In those with infantile-onset disease, the cerebellar and brain stem degeneration is so rapid that retinal degeneration and related vision loss may not be evident.

When initial symptoms occur at or before adolescence, blindness from retinal degeneration can occur within a few years. Individuals showing symptoms in their teens may be blind within a decade or less.

In adults, the progressive cerebellar ataxia (i.e., dysmetria, dysdiadochokinesia, and poor coordination) may precede, but usually follows, the onset of visual symptoms. While the rate of progression varies, the eventual result is severe dysarthria, dysphagia, and a bedridden state with loss of motor control.

Brisk tendon reflexes and spasticity become evident as the disease progresses. Ocular saccades may become markedly slowed.

Cognitive decline and psychosis have been reported [Benton et al 1998]. Neuropsychiatric testing of some individuals with SCA7 has revealed selective deficits in social cognition [Sokolovsky et al 2010].
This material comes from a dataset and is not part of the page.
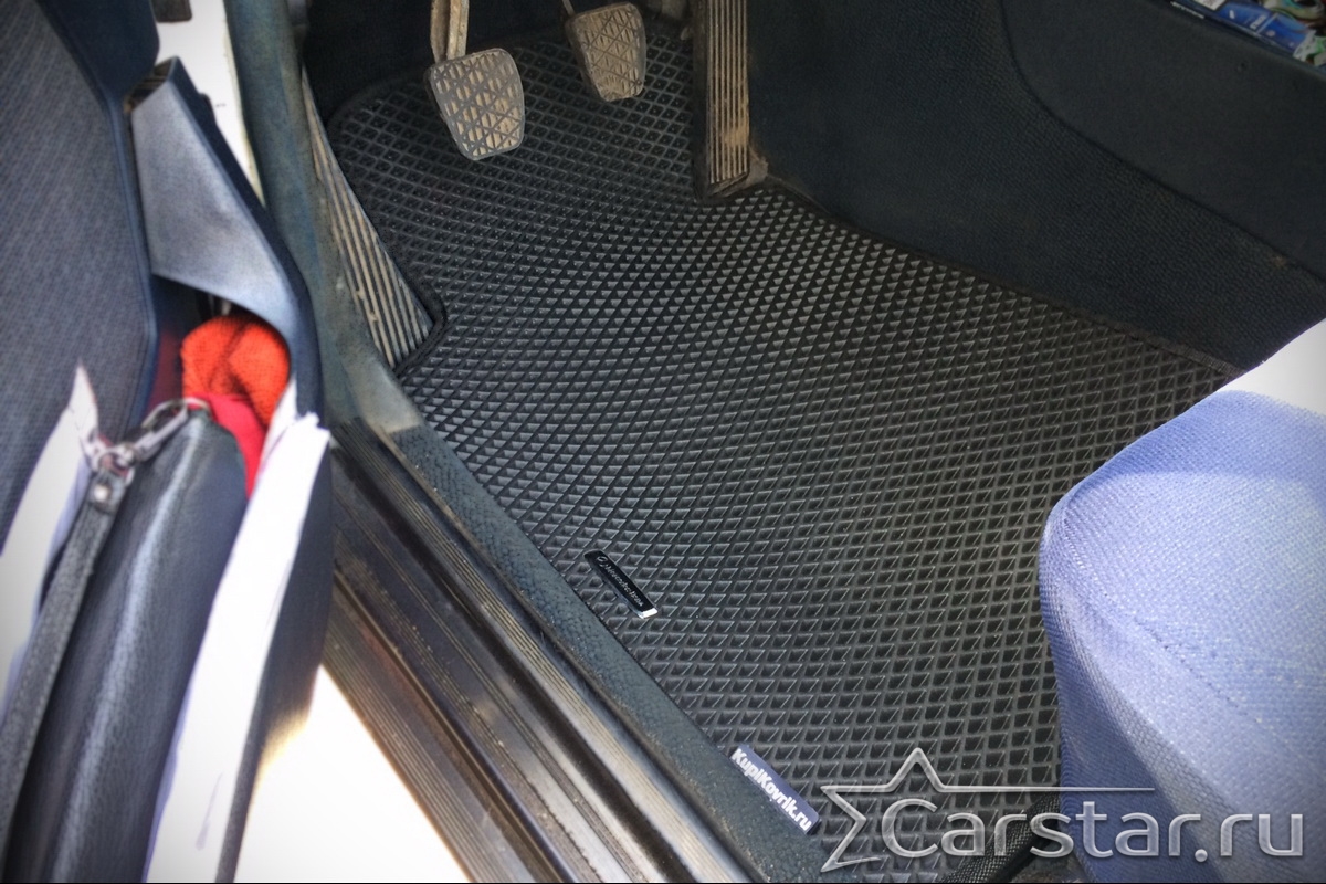 Толщина ковриков EVA составляет 10-12 мм. Глубина ячеек 7-8 мм. Такая толщина ковриков позволяет им служить довольно долго, не протираясь до 3 лет. А благодаря такой глубине ячеек коврик EVA площадью 1 кв.м. способен захватить около 3,5 л жидкости, сохраняя в чистоте вашу обувь и обивку салона.

The retinal degeneration is a progressive, cone-rod dystrophy that results in total blindness [To et al 1993, Aleman et al 2002, Ahn et al 2005, Hugosson et al 2009]. The onset of retinal degeneration is often characterized in the late teens or early 20s by hemeralopia (inability to see clearly in bright light), photophobia (extreme sensitivity to light), and abnormalities in color vision and central visual acuity [Miller et al 2009].

During the earliest stages of retinal degeneration, young adults may have no symptoms, but may have subtle granular changes in the macula and make errors in the tritan (blue-yellow) axis on detailed color vision testing using the Farnsworth dichromatous (D15) test. Electroretinogram is consistently abnormal early in the disease course, showing a decrease in the photopic (cone) response initially, followed by a decrease in the scotopic (rod) response [Miller et al 2009].
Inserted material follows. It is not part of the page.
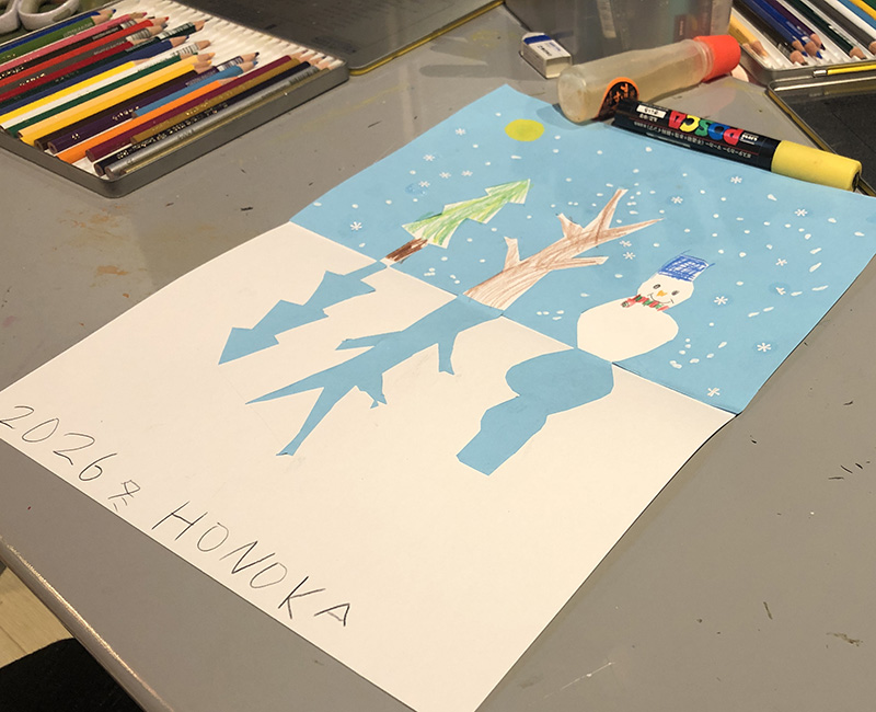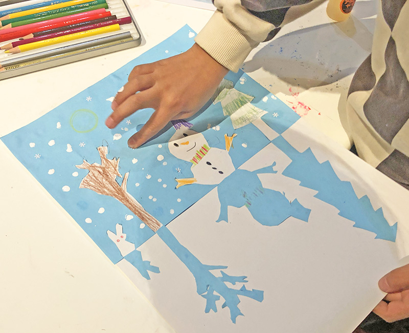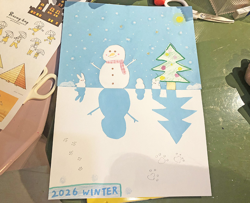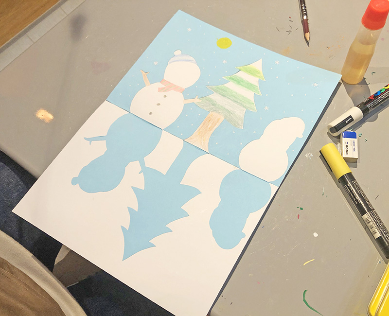 雪だるまにお顔を描いたり、雪を描いたりして完成です♪

As cone function decreases over time, central visual acuity decreases to the 20/200 (legally blind) range, more prominent macular changes appear (see Figure 1), all color discrimination is lost, and eventually all vision.

Figure 1. . Funduscopic photo shows extreme macular degeneration of late-stage SCA7.

Figure 1.

Funduscopic photo shows extreme macular degeneration of late-stage SCA7.

It is important to note that in adult-onset disease visual loss from retinal degeneration may precede, accompany, or follow the onset of ataxia [Miller et al 2009] and that profound visual loss can be accompanied by minimal ophthalmoscopic findings and minimal ataxia [Thurtell et al 2009].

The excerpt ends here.